So in words, we die when the user asks us to write a bitmap index
for a repack that is supposed to only include local objects when there
are objects that could have been inherited from an alternate object
directory.

I'm not sure whether we are okay with retroactively tightening checks
though. I'd argue it's likely fine, because it wouldn't have worked
before this check either.

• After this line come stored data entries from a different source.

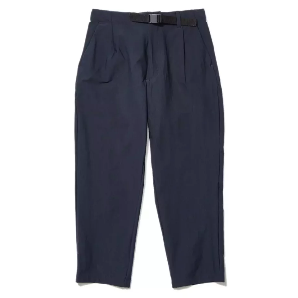 ナチュラルな風合いで、ストレッチ機能を備えたツイル生地を使用したパンツ。ヴィンテージライクな質感も魅力です。ワンタックを入れてややワイドに仕上げ、裾にかけてはテーパードシルエットに。ウエストは、バックルのカジュアルな仕様です。素材はドライタッチで、快適な穿き心地です。左の腰ポケット内側にはファスナー付きセキュリティポケットがあり、鍵や小銭などの収納に重宝。バックポケットは、ヒップラインに沿うようカーブさせた切り替えラインを生かして配置。収納力があり、デザインアクセントにもなっています。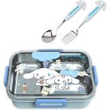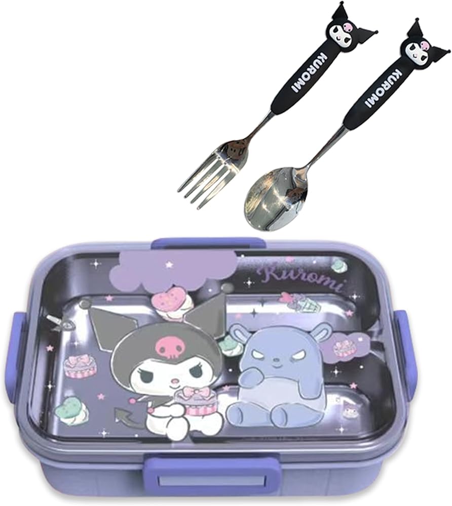 You can search 'Anime' in our store(Roffatide) for more Cute Cartoon or other anime element design products. Material: Plastic + Stainless steel.High-capacity: 750ml.Cute Cartoon: Cinnamoroll Melody Kuromi.Design: 4-point lock type lunch box. With double-layer heat insulation function, it can prevent fingers from being heated. Paired with a cute Cinnamoroll shaped spoon and fork.Stay Fresh: The 3-In-1 compartment design bento box can effectively prevent food from mixing together, separating vegetables, fruits, and snacks to maintain the original taste of the food.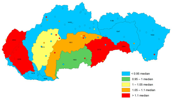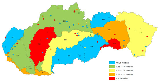 After excluding a few outliers (e.g., a small stream in a Danube sub-catchment, where a little change in the value of Q364d corresponds to a change of several hundred percent), the mean values of the ratio QMd,rr/QMd for the 1961–2000 period were processed for the sub-catchments of Slovakia depicted in Figure 1. For Q364d,rr/Q364d, the highest values were detected in the Ipeľ (3.4), Malý Dunaj (2.9), and Morava (2.9) sub-catchments. The lowest values of Q364d,rr/Q364d occurred in the Danube (Danube River; 1.2), Poprad (1.5), and Hron (1.5) sub-catchments. The average value of the ratios for the whole Slovak territory was 2.0.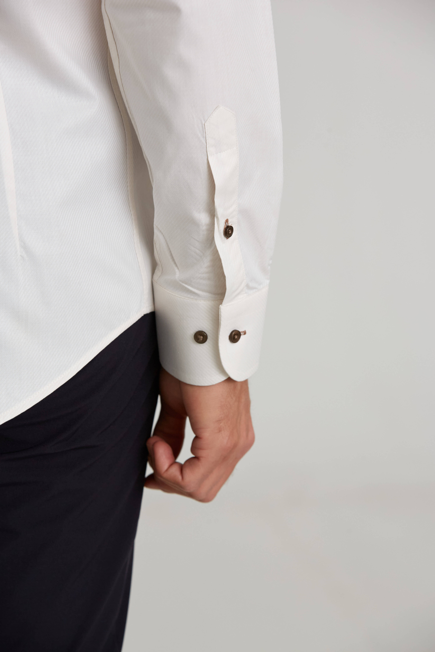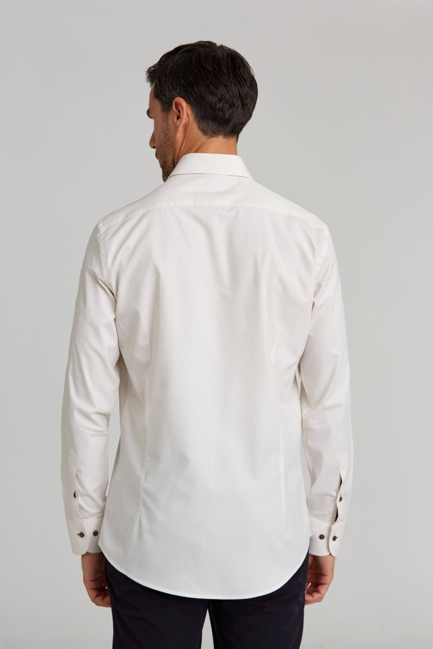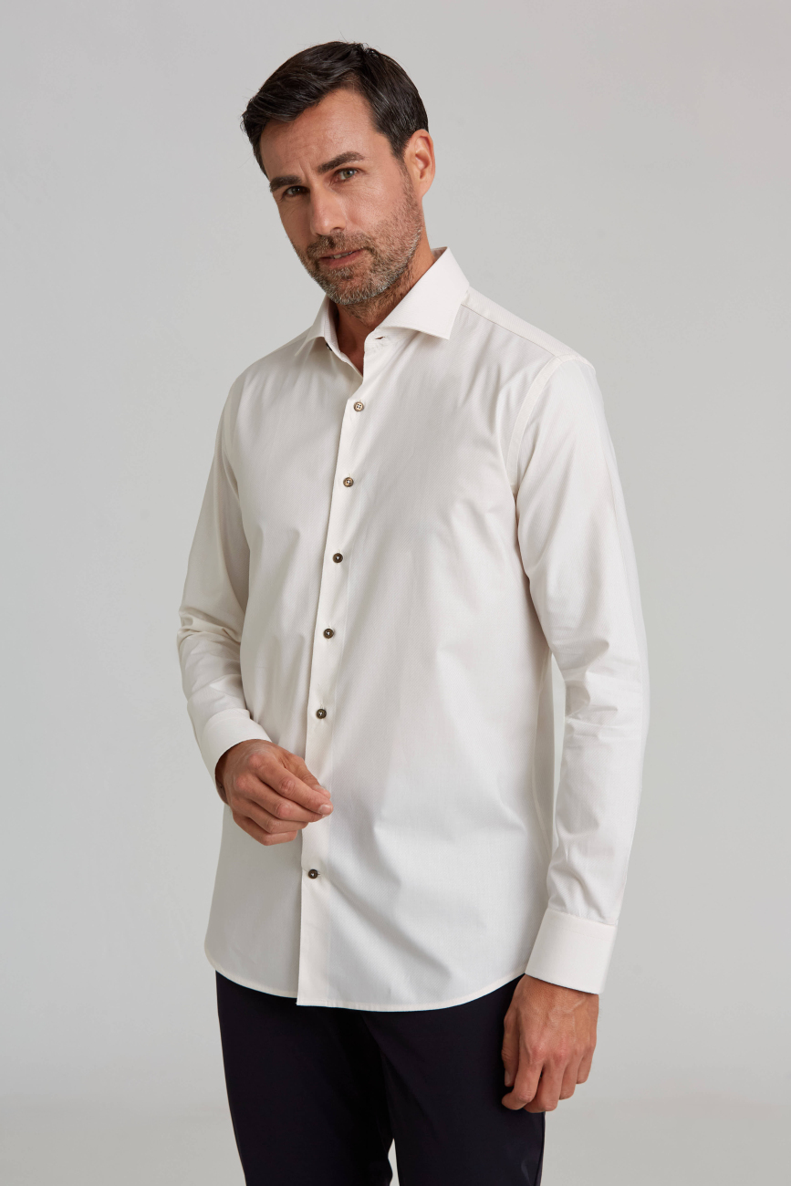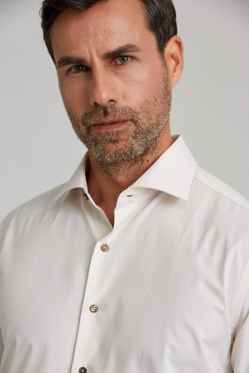 İtalyan Yaka Gizli Düğmeli Uzun Kollu Ekru Spor Erkek Gömlek

And I'd rather fail with explicit reasons that
are user-actionable rather than implicitly somewhere deep down in the
callstack.

Patrick
diff mbox series

Patch

diff --git a/builtin/repack.c b/builtin/repack.c
index f57869f14a..07d92fdf87 100644
--- a/builtin/repack.c
+++ b/builtin/repack.c
@@ -881,6 +881,26 @@  int cmd_repack(int argc, const char **argv, const char *prefix)
 	if (pack_kept_objects < 0)
 		pack_kept_objects = write_bitmaps > 0 && !write_midx;
 
+	if (write_midx && write_bitmaps && geometric_factor && po_args.local) {
+		struct packed_git *p;
+
+		for (p = get_all_packs(the_repository); p; p = p->next) {
+			if (p->pack_local)
+				continue;
+
+			/*
+			 * When asked to do a local repack, but we have
+			 * packfiles that are inherited from an alternate, then
+			 * we cannot guarantee that the multi-pack-index would
+			 * have full coverage of all objects. We thus disable
+			 * writing bitmaps in that case.
+			 */
+			warning(_("disabling bitmap writing, as some objects are not being packed"));
+			write_bitmaps = 0;
+			break;
+		}
+	}
+
 	if (write_bitmaps && !(pack_everything & ALL_INTO_ONE) && !write_midx)
 		die(_(incremental_bitmap_conflict_error));
 
diff --git a/t/t7703-repack-geometric.sh b/t/t7703-repack-geometric.sh
index 96c8d4cdfa..0aaec9f853 100755
--- a/t/t7703-repack-geometric.sh
+++ b/t/t7703-repack-geometric.sh
@@ -420,4 +420,31 @@  test_expect_success '--geometric -l with non-intact geometric sequence across OD
 	test_cmp expected-objects actual-objects.sorted
 '
 
+test_expect_success '--geometric -l disables writing bitmaps with non-local packfiles' '
+	test_when_finished "rm -fr shared member" &&
+
+	git init shared &&
+	test_commit_bulk -C shared --start=1 1 &&
+
+	git clone --shared shared member &&
+	test_commit_bulk -C member --start=2 1 &&
+
+	# When performing a geometric repack with `-l` while connecting to an
+	# alternate object database that has a packfile we do not have full
+	# coverage of objects. As a result, we expect that writing the bitmap
+	# will be disabled.
+	git -C member repack -l --geometric=2 --write-midx --write-bitmap-index 2>err &&
+	cat >expect <<-EOF &&
+	warning: disabling bitmap writing, as some objects are not being packed
+	EOF
+	test_cmp expect err &&
+	test ! -f member/.git/objects/pack/multi-pack-index-*.bitmap &&
+
+	# On the other hand, when we repack without `-l`, we should see that
+	# the bitmap gets created.
+	git -C member repack --geometric=2 --write-midx --write-bitmap-index 2>err &&
+	test_must_be_empty err &&
+	test -f member/.git/objects/pack/multi-pack-index-*.bitmap
+'
+
 test_done